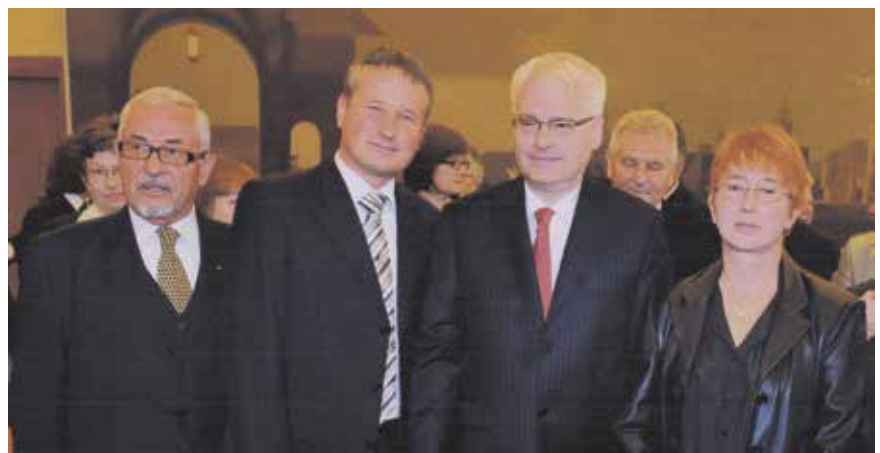
Na primanju kod Ive Josipovića
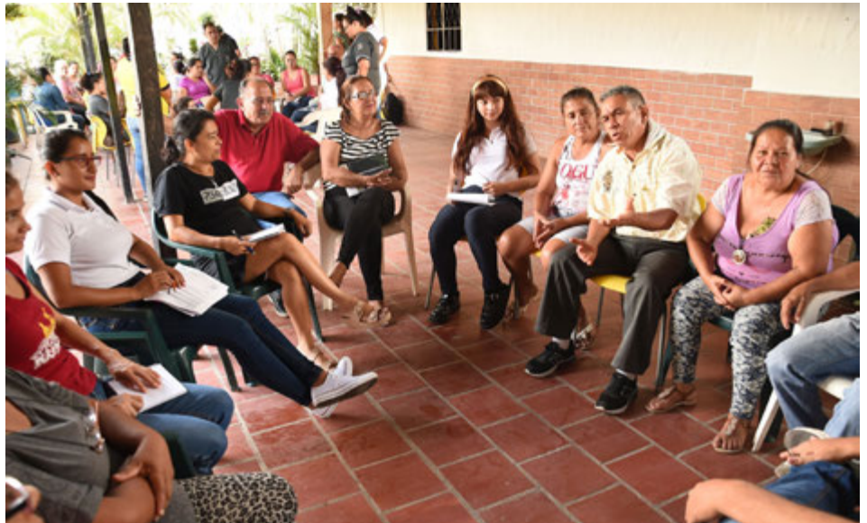
Religiosas de la Comunidad de Hermanas de la Presentación, así como estudiantes y docentes de la UNAB, junto a delegados de otras universidades e instituciones trabajan codo a codo con la comunidad de la Ciudadela Nuevo Girón, en su mayoría damnificados por la ola invernal del año 2005.

Es un modelo de desarrollo comunitario construido conjuntamente con la comunidad de la Ciudadela Nuevo Girón, que busca el mejoramiento integral de la calidad de vida de todos sus habitantes mediante la habilitación de los mismos para la gestión de la salud, de la educación, de la generación de ingresos (vía empleo y emprendimiento) y de la infraestructura social (vivienda digna). Estos cuatro componentes se soportan en cuatro pilares de habi-
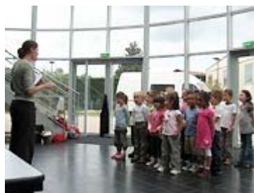
Les premières notes
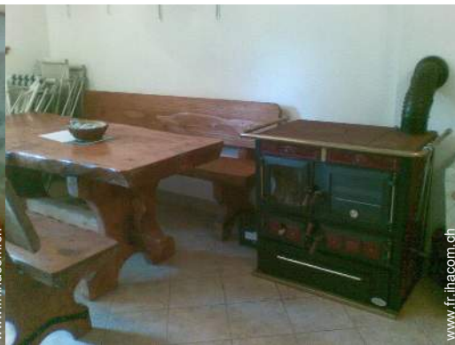
poêle à bois
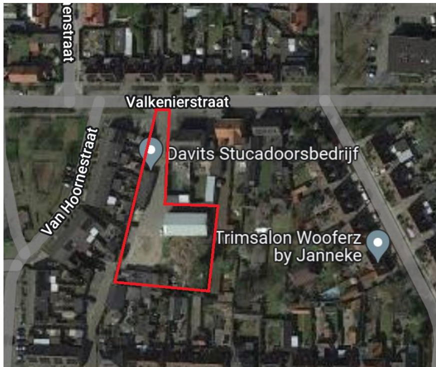
Figuur 4.1. De ligging van het plangebied (rood omlijnd).

De locatie bestaat uit een bedrijfsterrein en is gedeeltelijk verhard met klinkers. In het oosten van het terrein bevindt zich een loods, in het zuiden garageboxen en in het noordwesten een kantoorgebouw. In het zuidoosten ligt een grasveld waar diverse plantensoorten groeien zoals grote brandnetel, smalle weegbree, grote weegbree, paardenbloem, zachte ooievaarsbek, winter postelein, paarse dovenetel, Canadese fijnstraal en hondsdrif. Aan de randen van het veld staan enkele bomen zoals beuk, hulst en Noorse esdoorn.
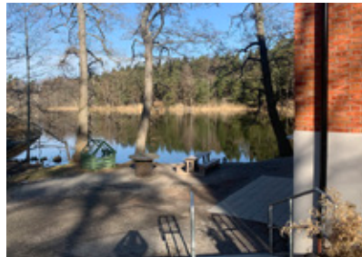
8. Här använde man förr ozon.
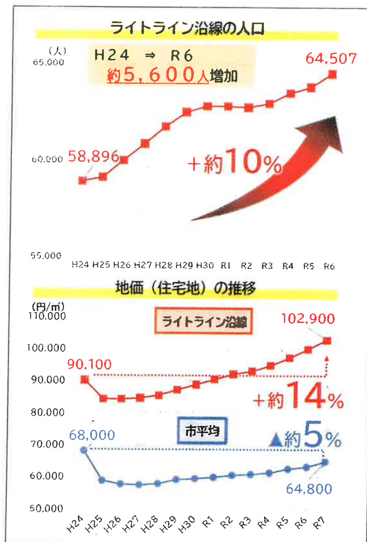
図2 ライトラインの整備効果（人口・地価）

移動時の利便性向上に資するよう、JR 宇都宮駅東口～芳賀町間で令和5年（2023）年8月に開業を迎えた次世代型路面電車「芳賀・宇都宮 LRT」（以下、「ライトライン」という）の停留場周辺や主要なバス停周辺などに、公共交通の移動の合間に買い物や仕事、勉強などができる施設を誘致するため、その整備費等への助成を行っている。
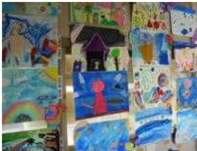
2年生「ふしぎなたまご」
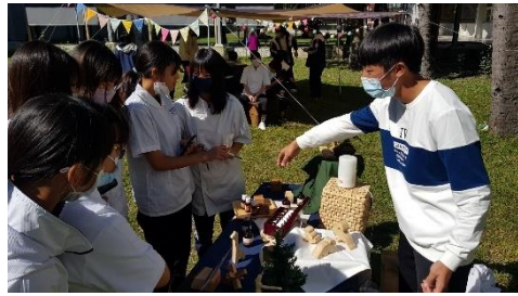
展示佈置 2—學生向觀眾介紹展示成品
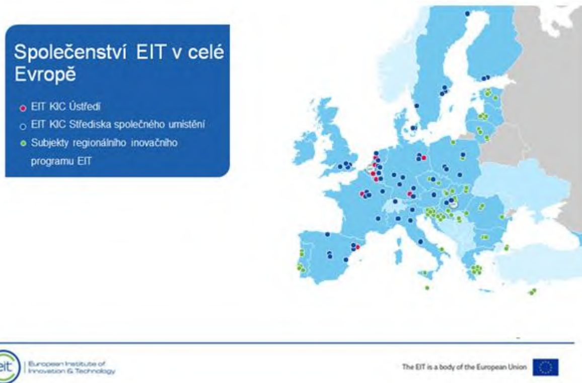
Obrázek 3: EIT v Evropě

V souvislosti s přetrvávajícími regionálními rozdíly v inovační výkonnosti zahájil EIT v roce 2014 regionální inovační program, aby svůj dosah rozšířil na země s nízkou a mírnou výkonností v oblasti inovací. Prostřednictvím regionálního inovačního programu rozšířil EIT své činnosti v celé Evropě a nabízí nyní příležitosti pro regiony s nízkou inovační výkonností, aby se zapojily do činností v rámci znalostního trojúhelníku jako součást znalostních a inovačních společenství. To se odráží také v podílu finančních prostředků EIT přidělených partnerům EU-13 (8,3 % ve srovnání s 4,8 % v programu Horizont 2020, stav k roku 2018).
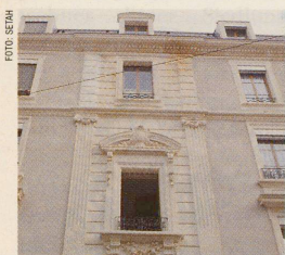
Das sanft renovierte Quartier des Grottes in Genf. Seite 78
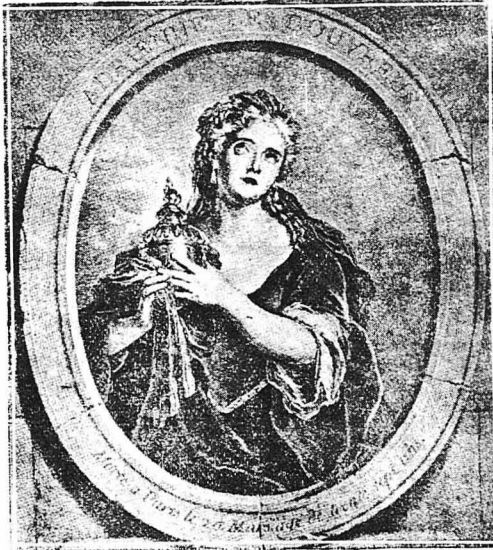
Η Άδριανή Λεκουβρέρ

Όλοι οι φίλοι της τότε έμειναν σήμωνοι, ότι ο άββας έπρεπε να προσοπιηθεί πως παίζει το
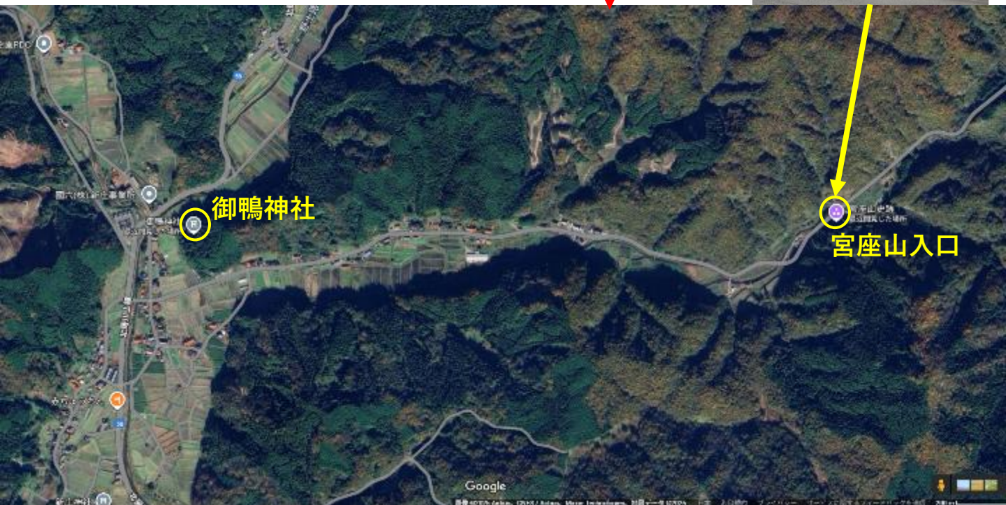
5-2 Google Mapに黄で追記

* _Exercise requirements_:
Every line from the start of the material through the line holding "Religiosas de la" must be returned exactly, and the pictures must not.

* _Finished task_:
Na primanju kod Ive Josipovića
Religiosas de la Comunidad de Hermanas de la Presentación, así como estudiantes y docentes de la UNAB, junto a delegados de otras universidades e instituciones trabajan codo a codo con la comunidad de la Ciudadela Nuevo Girón, en su mayoría damnificados por la ola invernal del año 2005.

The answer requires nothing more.